Figure 3.18: Pearson correlation between Sonar v3 and v4

The correlation value between v3 and v4 is 0.78, which means there is a strong positive correlation, which means that as v3 increases, v4 also increases. Since they are strongly correlated and since these are two input fields, we can drop one and retain another.

P-Value

When we want to know whether a feature is correlated with the output variable in the real world, it is not enough to calculate the correlation coefficient for the two variables in the dataset, as these might not be representative of the real world. We also need to account for things such as the size of our dataset and the probability of the variables being correlated in our dataset by chance.

The p-value is the probability (0-1) that, given that the null hypothesis is true (that there is no correlation), we would see a correlation coefficient with the same magnitude as the one in our dataset, or higher, simply due to the random selection of observations from the target population (the real world). If the p-value is below a threshold, such as 0.05, we say that the correlation is significant. Note that significant does not mean important in this context. It instead means that we have strong evidence against the null hypothesis, meaning we can reasonably reject the null hypothesis. The p-value does not address the probability of the alternative hypothesis (that there is a correlation) directly, but by rejecting the null hypothesis, the alternative hypothesis becomes more viable. Importantly, a p-value greater than 0.05 does not mean that the two variables are not correlated in the real world, as we might just have too few datapoints to say so.

P-values are highly debated in many scientific fields. They are commonly misunderstood and misused, and it is recommended that you read up on them if you will be relying on them in your work.

It is possible for a feature to be useful in a model without being significantly correlated to the output variable. We therefore decide whether or not we should include it in the model based on whether it makes the model better at predicting the output variable in a test set. We will do this in the Recursive Feature Elimination section.
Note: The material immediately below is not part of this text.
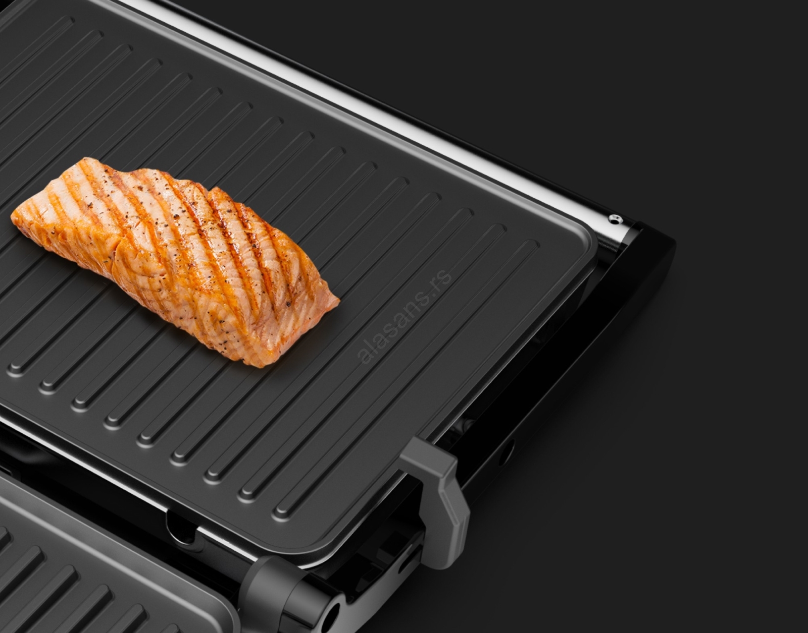 • Zahvaljujući mogućnosti potpunog otvaranja grila pod uglom 180°, možete ubrzati proces kuvanja i pripremiti obrok za celu porodicu odjednom.

The cor.test() function in R is used to calculate the Pearson's product moment correlation coefficient between two variables. It outputs a correlation estimate and a p-value.

Exercise 33: Calculating the P-Value

In this exercise, we are finding the p-value for a correlation coefficient between two variables.

  1. Attach the caret package:

    library(caret)

  2. Calculate the p-value for the V3 and V4 fields:

    #Calculating P-Value

    component=cor.test(Sonar$V4, Sonar$V3)

    print(component)

    The output is as follows:

    Figure 3.19: P-value

    cor.test() in R is used to calculate the Pearson's product moment correlation coefficient between two fields. The two fields can be any two fields for which we need to find the correlation. It can be two input fields or one input and one output field. It will output a correlation estimate and a p-value.

  3. Print the p-value:

    #Print the P value

    component$p.value

    The output is as follows:

    [1] 3.918396e-44

  4. Print the correlation:

    #Print the Correlation

    component$estimate

    The output is as follows:

         cor

    0.781786

The p-value of 3.918396e-44 suggests that we have strong evidence against the null hypothesis and have no reason not to trust the correlation coefficient of 0.781786. With such a high correlation, it is likely a good feature to include in our model.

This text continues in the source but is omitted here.